Daniel lo miró fijamente un momento, luego desvió la mirada.

– Te he dado dos opciones, Miguel. Puedes hacer como gustes.

Daniel no le había dado elección: darle mil florines o perderlo todo en cuestión de días.

– Transferiré los fondos -dijo Miguel-, pero debes saber que me ofenden tus exigencias, las cuales perjudicarán mi negocio y me harán mucho más difícil librarme de mis deudas. Pero te prometo una cosa: no consentiré que arruines mis asuntos con tus mezquindades. Me habré librado de mis deudas en unos meses, y entonces serás tú quien venga a suplicarme las sobras.

Daniel sonrió apenas.

– Ya veremos.

A la mañana siguiente, Miguel hubo de tomar la amarga medicina de transferir los fondos a su hermano. Poco faltó para que se atragantara cuando dio la orden al secretario del banco de la Bolsa, pero era menester hacerlo.
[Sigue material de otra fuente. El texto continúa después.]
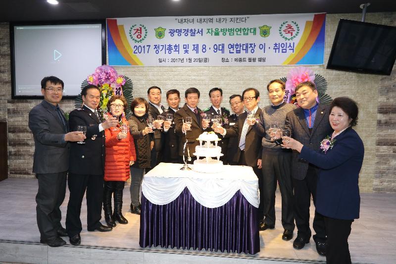 [미디어타임즈= 신정식 기자] 광명경찰서 자율방범연합대는 20일 오후 7시 철산동 메종드블랑 7층 연회장에서 제8대 이광수 연합대장 과 제9대 김성동 신임 연합대장 이·취임식 행사를 가졌다.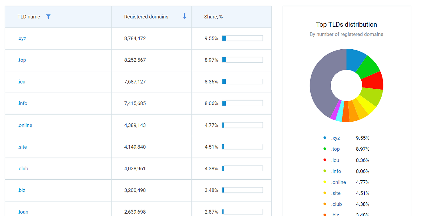 Par conséquent, comment miser sur des domaines établis tels que .com, .in, .eu et .gov ? Les noms de domaine autres que .com semblent être plus populaires parmi les entreprises de blockchain. Par exemple, le domaine .xyz est l’un des plus couramment utilisés par les organisations Blockchain.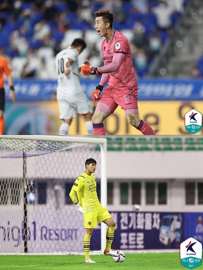 [골닷컴, 전주] 박병규 기자 = 포항 스틸러스의 이준 골키퍼가 베테랑 조현우 골키퍼를 상대로 잘 싸웠다. 이준은 볼을 매끄럽게 처리하지 못하면서 실점의 빌미를 제공했지만 동료들의 도움 속에 자신감을 되찾으며 팀의 승리를 이끌었다.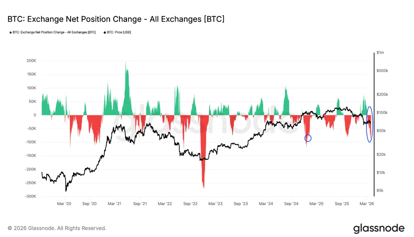 In line with this opinion, on-chain data show that the accumulation of whales and large investors has been constantly increasing in the last two months. This trend is supported by the fact that exchange balances have decreased significantly, with net position change decreasing by 89,710 BTC on March 26, the largest outflow since December 2024.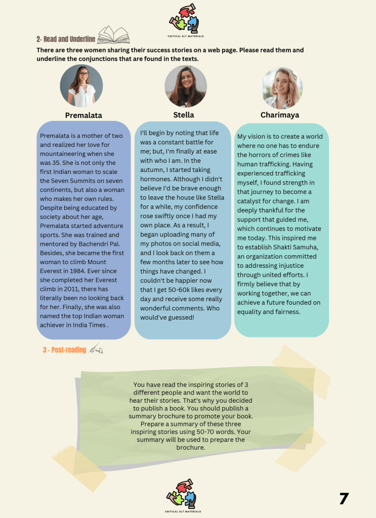Redesigning the ELT material was a really good experience. The process involved thorough research, creative planning, and continuous revisions to ensure the material met pedagogical goals. Our content was also very interesting. Collaborating with my peers allowed me to gain new insights and refine my ideas, highlighting the importance of feedback in material development. One of the key takeaways was learning how to balance language complexity with clarity, ensuring the tasks remained stimulating yet accessible. This experience both strengthened my material design skills and also deepened my understanding of how to address the specific needs of advanced learners.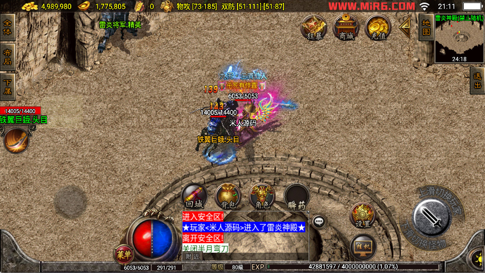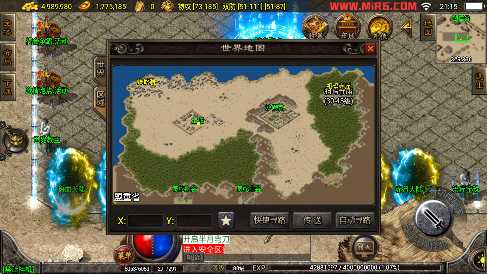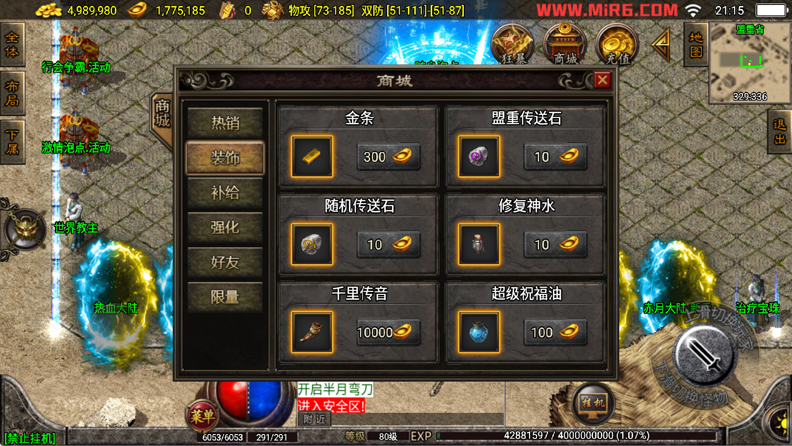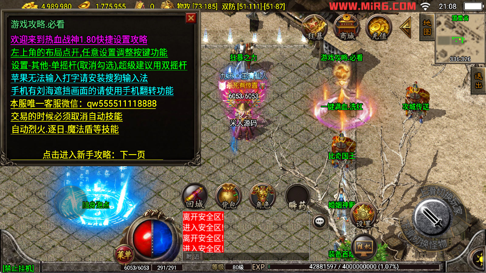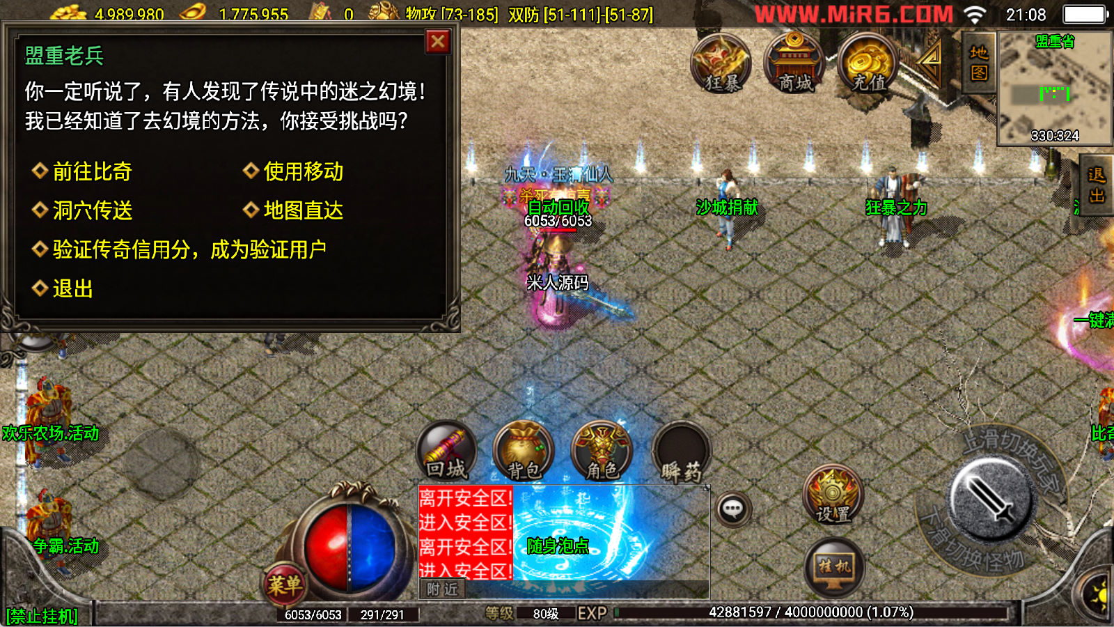 下面我们来测试下游戏里的功能看看。好了,其他功能就自行测试吧。更多的游戏资源可以访问www.MiR6.com下载,我们每款游戏资源均单独制作了独立的视频架设教程,让小白也可以快速上手游戏架设,快来体验自己做GM的乐趣吧!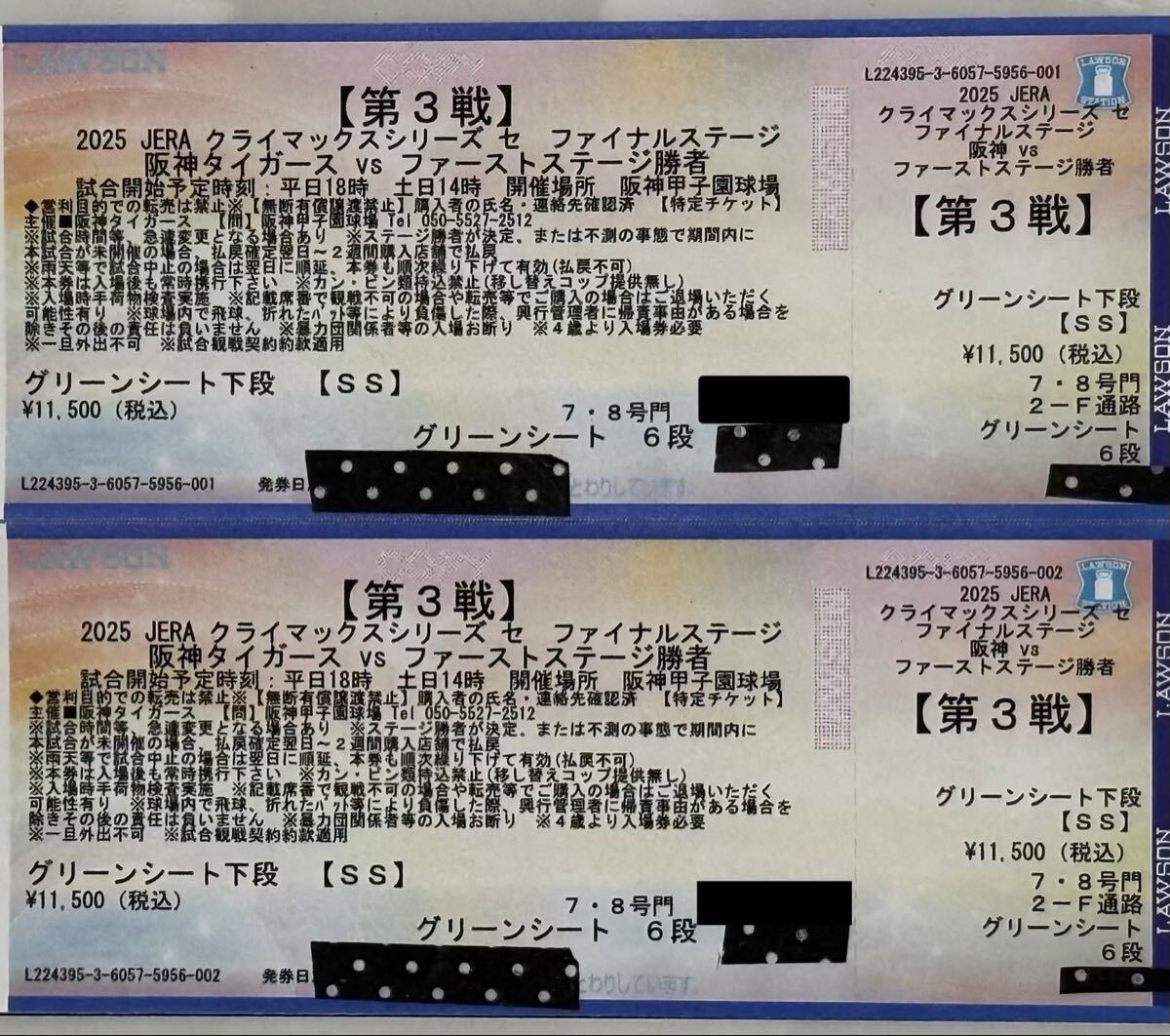 (予定されていた試合日が雨天等で中止・ノーゲームとなる場合は原則試合は翌日以降に順延となってチケットは順次繰り下げて有効になっていくようです)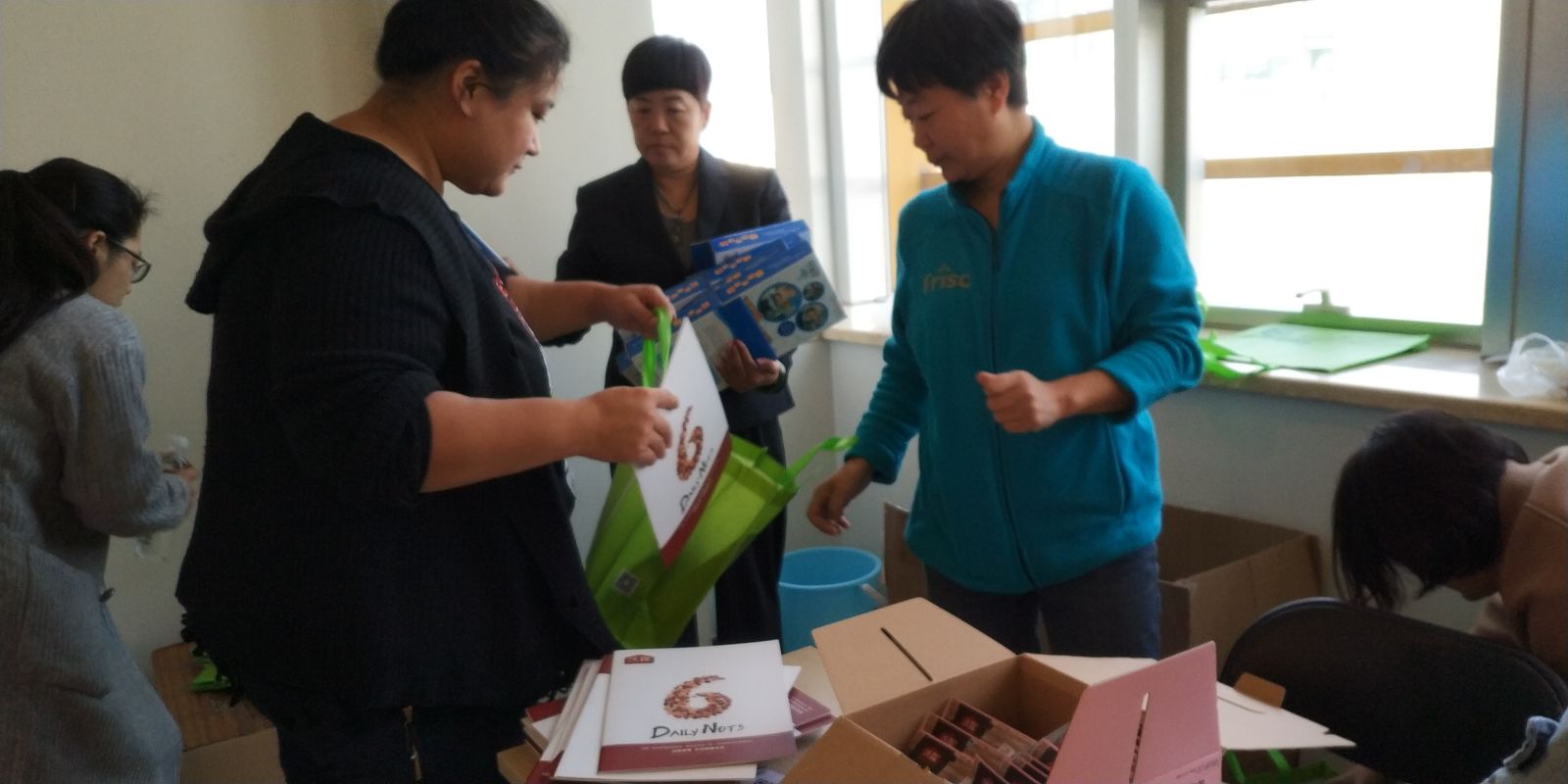 现场工作人员,正在为孕妈们准备丰富的签到礼品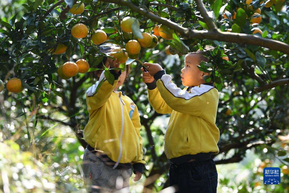11月1日,贵州省黄平县新州镇第二幼儿园小朋友在校外劳动实践基地采摘柑橘。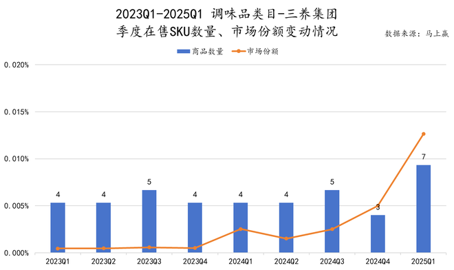 基于马上赢品牌 CT 中的数据,可以看到在调味品类目中,三养也已经有数款 SKU 持续在布局,且在 2024Q4,市场份额有较明显的提升。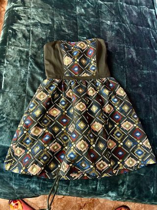 Vestito senza spalline con un vistoso motivo tribale. Design a taglio impero. Parte superiore con dettaglio in tessuto. Gonna con volant.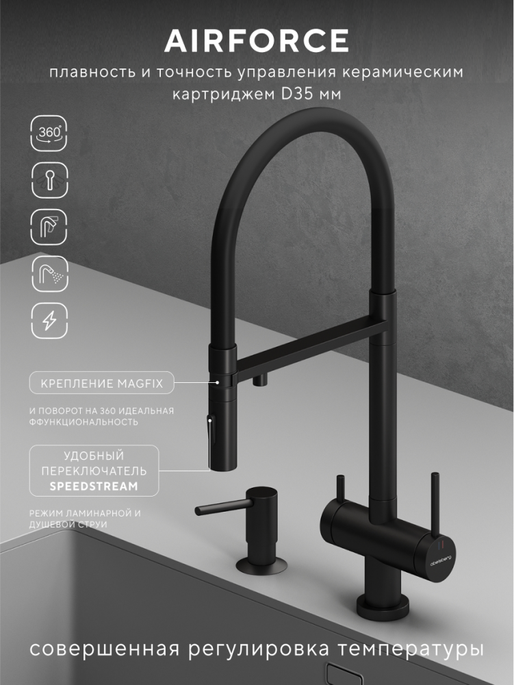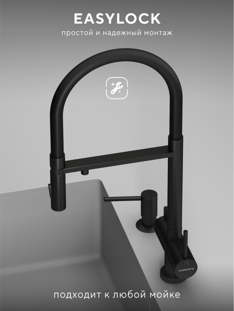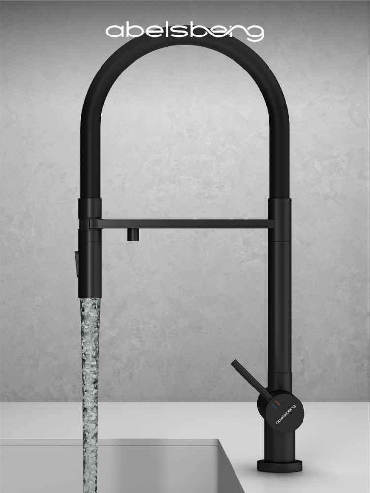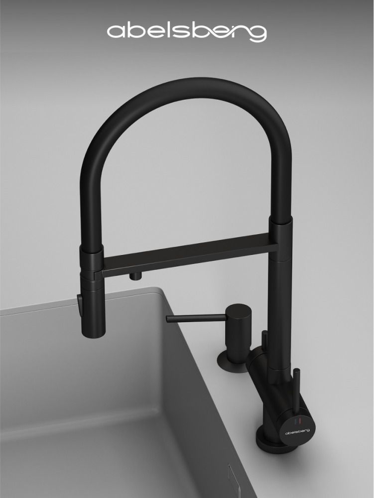 Смеситель для кухни ABELSBERG Venta с гибким изливом, вулканический черный, IXF73979MB
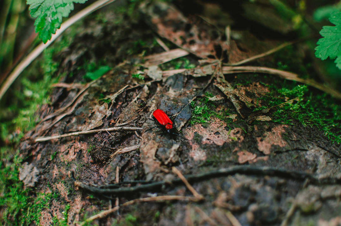 10. Ein schönes, kleines Käferlein. Wahrscheinlich ein scharlachroter Feuerkäfer Pyrochroa coccinea Leider den Fokus schlecht gesetzt. ;(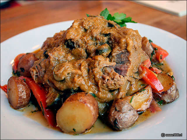 Agnello Alla Romana, trozos de cordero guisado servido sobre una cama de alcachofas, aceitunas, papas y tomate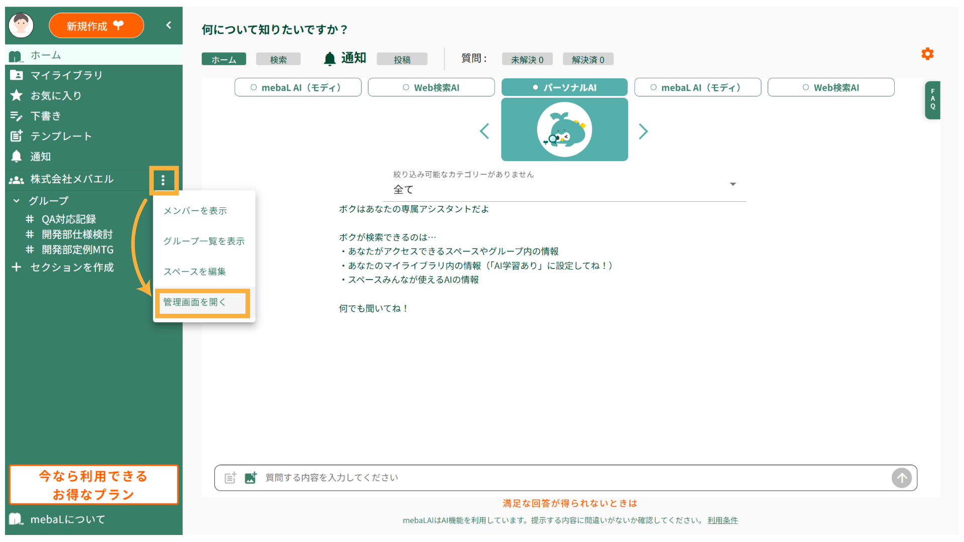 1.スペースの設定「︙」 > [管理画面を開く]をクリックします。
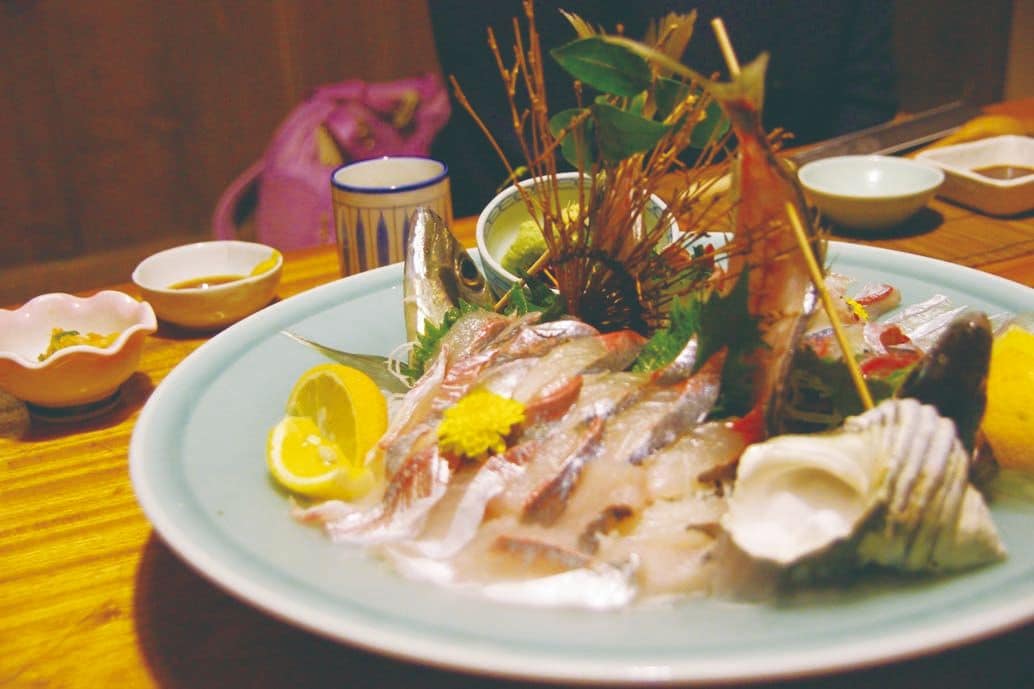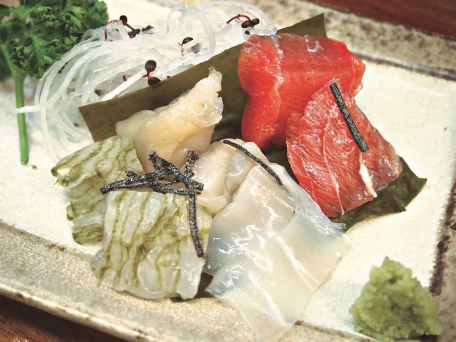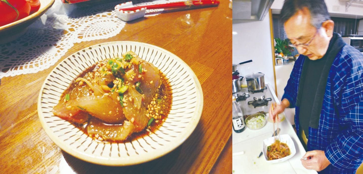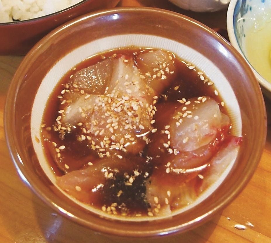 醤油で臭みをとることはもちろん、関東のマグロの漬けとは異なり、タンパク質分解酵素を含むショウガを加えることで魚の表面が少し分解してねっとりとして醤油がからむのである。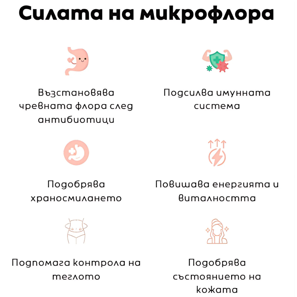 След 10-дневен курс антибиотици, стомахът ми беше съсипан. Постоянно подуване, диария и болки. Само 2 седмици с Микрофлора и отново се чувствам нормално! Мога да се храня без страх от последствия."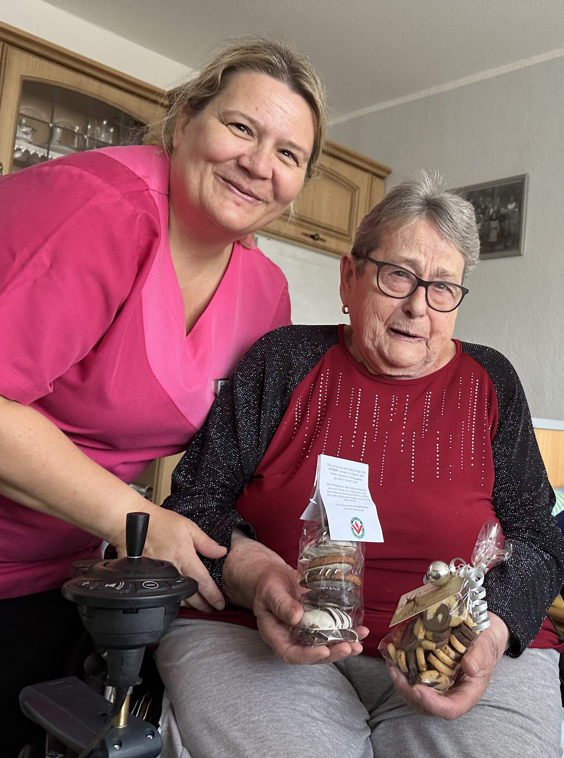 „Ich schaue keine Märchen, da weiß ich ja, wie es ausgeht“, schüttelt Doris Meister amüsiert den Kopf. „Ich mag lieber Krimis oder Sport.“ Die Seniorin zog vor drei Jahren aus Röttersdorf nach Wurzbach in eine gemütliche Wohnung am Oßlaberg. Gerade hat ihr Schwester Sandra Arnold einen süßen Weihnachtsgruß ihres Pflegeteams gebracht – Pfefferkuchen aus dem Christopherushof in Altengesees – und mit ihr abgesprochen, welche schicken Pullover mit Glitzerstreifen sie an den Weihnachtsfeiertagen anzieht. Doris Meister freut sich schon, wenn der Neffe mit den Enkeln kommt.

Ese día, mientras andaba ocupado en sus asuntos, hubo de hacer grandes esfuerzos para no recordar que, de los tres mil florines que Geertruid le había confiado, quedaban poco más de mil.

de

Las reveladoras y verídicas memorias

de Alonzo Alferonda

Creo haber dicho ya que Miguel Lienzo era unos años mayor que yo y que no lo conocía bien cuando era mozo. Sin embargo, conocía a su hermano, y de no haber oído decir a mi padre que Miguel era un joven astuto y del más grande intelecto, no hubiera querido saber más de esta familia.